YOUR TASK –
Write out every record again, exactly.

DATA EXCERPTS –
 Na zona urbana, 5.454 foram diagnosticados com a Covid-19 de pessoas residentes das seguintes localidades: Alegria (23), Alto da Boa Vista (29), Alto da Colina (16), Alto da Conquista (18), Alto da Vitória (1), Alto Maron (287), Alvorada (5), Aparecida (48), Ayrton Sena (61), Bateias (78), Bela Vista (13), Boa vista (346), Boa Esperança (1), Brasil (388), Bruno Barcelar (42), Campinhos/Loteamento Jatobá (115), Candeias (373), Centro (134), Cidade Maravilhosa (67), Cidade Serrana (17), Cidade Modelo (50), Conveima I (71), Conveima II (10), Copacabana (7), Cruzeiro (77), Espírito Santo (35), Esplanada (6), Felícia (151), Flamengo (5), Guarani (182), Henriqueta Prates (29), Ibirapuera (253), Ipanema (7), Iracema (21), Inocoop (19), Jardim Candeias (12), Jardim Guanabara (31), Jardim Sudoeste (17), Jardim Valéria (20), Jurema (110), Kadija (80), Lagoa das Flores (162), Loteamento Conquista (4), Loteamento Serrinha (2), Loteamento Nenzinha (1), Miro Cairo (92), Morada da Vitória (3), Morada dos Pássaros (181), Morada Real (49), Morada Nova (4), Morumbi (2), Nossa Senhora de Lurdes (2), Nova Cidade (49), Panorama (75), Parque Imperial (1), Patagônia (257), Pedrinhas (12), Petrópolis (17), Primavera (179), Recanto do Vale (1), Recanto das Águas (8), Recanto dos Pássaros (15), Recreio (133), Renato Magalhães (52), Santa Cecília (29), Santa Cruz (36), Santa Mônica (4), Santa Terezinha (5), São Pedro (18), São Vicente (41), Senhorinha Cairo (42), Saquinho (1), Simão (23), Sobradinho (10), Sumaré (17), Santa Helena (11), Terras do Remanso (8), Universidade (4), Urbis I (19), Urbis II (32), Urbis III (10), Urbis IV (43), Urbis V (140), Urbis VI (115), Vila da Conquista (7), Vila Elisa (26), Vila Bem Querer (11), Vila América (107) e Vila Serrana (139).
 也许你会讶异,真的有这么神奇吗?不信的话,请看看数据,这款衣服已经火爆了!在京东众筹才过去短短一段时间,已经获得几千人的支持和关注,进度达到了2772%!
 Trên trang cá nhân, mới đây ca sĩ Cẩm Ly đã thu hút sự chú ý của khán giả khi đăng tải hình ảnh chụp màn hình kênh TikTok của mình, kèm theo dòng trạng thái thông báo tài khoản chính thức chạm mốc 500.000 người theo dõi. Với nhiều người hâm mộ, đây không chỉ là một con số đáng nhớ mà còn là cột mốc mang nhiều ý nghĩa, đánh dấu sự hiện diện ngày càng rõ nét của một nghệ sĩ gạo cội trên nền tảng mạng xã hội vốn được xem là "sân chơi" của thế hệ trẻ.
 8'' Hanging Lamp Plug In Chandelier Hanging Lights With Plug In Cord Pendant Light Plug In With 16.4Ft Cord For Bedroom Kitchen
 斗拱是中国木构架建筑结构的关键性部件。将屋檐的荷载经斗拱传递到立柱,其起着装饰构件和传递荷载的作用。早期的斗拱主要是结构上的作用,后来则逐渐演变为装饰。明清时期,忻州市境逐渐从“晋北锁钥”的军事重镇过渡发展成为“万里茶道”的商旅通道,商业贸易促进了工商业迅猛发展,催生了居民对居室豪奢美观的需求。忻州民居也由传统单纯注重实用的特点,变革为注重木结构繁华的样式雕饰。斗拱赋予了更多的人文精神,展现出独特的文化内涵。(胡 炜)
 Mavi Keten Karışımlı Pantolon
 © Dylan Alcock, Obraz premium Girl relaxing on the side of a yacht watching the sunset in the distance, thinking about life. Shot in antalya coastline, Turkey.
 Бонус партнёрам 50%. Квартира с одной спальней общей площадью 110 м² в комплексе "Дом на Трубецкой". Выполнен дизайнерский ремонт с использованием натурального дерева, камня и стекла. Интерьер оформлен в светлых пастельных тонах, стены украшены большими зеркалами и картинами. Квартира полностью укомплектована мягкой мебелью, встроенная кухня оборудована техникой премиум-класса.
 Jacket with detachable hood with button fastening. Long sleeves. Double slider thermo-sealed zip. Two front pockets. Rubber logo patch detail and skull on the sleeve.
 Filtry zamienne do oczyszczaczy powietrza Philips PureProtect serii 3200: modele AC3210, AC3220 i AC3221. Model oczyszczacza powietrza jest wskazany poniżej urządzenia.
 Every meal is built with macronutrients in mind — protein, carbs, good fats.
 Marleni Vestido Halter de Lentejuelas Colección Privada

SOLUTION FOR THIS EXERCISE –
 Na zona urbana, 5.454 foram diagnosticados com a Covid-19 de pessoas residentes das seguintes localidades: Alegria (23), Alto da Boa Vista (29), Alto da Colina (16), Alto da Conquista (18), Alto da Vitória (1), Alto Maron (287), Alvorada (5), Aparecida (48), Ayrton Sena (61), Bateias (78), Bela Vista (13), Boa vista (346), Boa Esperança (1), Brasil (388), Bruno Barcelar (42), Campinhos/Loteamento Jatobá (115), Candeias (373), Centro (134), Cidade Maravilhosa (67), Cidade Serrana (17), Cidade Modelo (50), Conveima I (71), Conveima II (10), Copacabana (7), Cruzeiro (77), Espírito Santo (35), Esplanada (6), Felícia (151), Flamengo (5), Guarani (182), Henriqueta Prates (29), Ibirapuera (253), Ipanema (7), Iracema (21), Inocoop (19), Jardim Candeias (12), Jardim Guanabara (31), Jardim Sudoeste (17), Jardim Valéria (20), Jurema (110), Kadija (80), Lagoa das Flores (162), Loteamento Conquista (4), Loteamento Serrinha (2), Loteamento Nenzinha (1), Miro Cairo (92), Morada da Vitória (3), Morada dos Pássaros (181), Morada Real (49), Morada Nova (4), Morumbi (2), Nossa Senhora de Lurdes (2), Nova Cidade (49), Panorama (75), Parque Imperial (1), Patagônia (257), Pedrinhas (12), Petrópolis (17), Primavera (179), Recanto do Vale (1), Recanto das Águas (8), Recanto dos Pássaros (15), Recreio (133), Renato Magalhães (52), Santa Cecília (29), Santa Cruz (36), Santa Mônica (4), Santa Terezinha (5), São Pedro (18), São Vicente (41), Senhorinha Cairo (42), Saquinho (1), Simão (23), Sobradinho (10), Sumaré (17), Santa Helena (11), Terras do Remanso (8), Universidade (4), Urbis I (19), Urbis II (32), Urbis III (10), Urbis IV (43), Urbis V (140), Urbis VI (115), Vila da Conquista (7), Vila Elisa (26), Vila Bem Querer (11), Vila América (107) e Vila Serrana (139).
 也许你会讶异,真的有这么神奇吗?不信的话,请看看数据,这款衣服已经火爆了!在京东众筹才过去短短一段时间,已经获得几千人的支持和关注,进度达到了2772%!
 Trên trang cá nhân, mới đây ca sĩ Cẩm Ly đã thu hút sự chú ý của khán giả khi đăng tải hình ảnh chụp màn hình kênh TikTok của mình, kèm theo dòng trạng thái thông báo tài khoản chính thức chạm mốc 500.000 người theo dõi. Với nhiều người hâm mộ, đây không chỉ là một con số đáng nhớ mà còn là cột mốc mang nhiều ý nghĩa, đánh dấu sự hiện diện ngày càng rõ nét của một nghệ sĩ gạo cội trên nền tảng mạng xã hội vốn được xem là "sân chơi" của thế hệ trẻ.
 8'' Hanging Lamp Plug In Chandelier Hanging Lights With Plug In Cord Pendant Light Plug In With 16.4Ft Cord For Bedroom Kitchen
 斗拱是中国木构架建筑结构的关键性部件。将屋檐的荷载经斗拱传递到立柱,其起着装饰构件和传递荷载的作用。早期的斗拱主要是结构上的作用,后来则逐渐演变为装饰。明清时期,忻州市境逐渐从“晋北锁钥”的军事重镇过渡发展成为“万里茶道”的商旅通道,商业贸易促进了工商业迅猛发展,催生了居民对居室豪奢美观的需求。忻州民居也由传统单纯注重实用的特点,变革为注重木结构繁华的样式雕饰。斗拱赋予了更多的人文精神,展现出独特的文化内涵。(胡 炜)
 Mavi Keten Karışımlı Pantolon
 © Dylan Alcock, Obraz premium Girl relaxing on the side of a yacht watching the sunset in the distance, thinking about life. Shot in antalya coastline, Turkey.
 Бонус партнёрам 50%. Квартира с одной спальней общей площадью 110 м² в комплексе "Дом на Трубецкой". Выполнен дизайнерский ремонт с использованием натурального дерева, камня и стекла. Интерьер оформлен в светлых пастельных тонах, стены украшены большими зеркалами и картинами. Квартира полностью укомплектована мягкой мебелью, встроенная кухня оборудована техникой премиум-класса.
 Jacket with detachable hood with button fastening. Long sleeves. Double slider thermo-sealed zip. Two front pockets. Rubber logo patch detail and skull on the sleeve.
 Filtry zamienne do oczyszczaczy powietrza Philips PureProtect serii 3200: modele AC3210, AC3220 i AC3221. Model oczyszczacza powietrza jest wskazany poniżej urządzenia.
 Every meal is built with macronutrients in mind — protein, carbs, good fats.
 Marleni Vestido Halter de Lentejuelas Colección Privada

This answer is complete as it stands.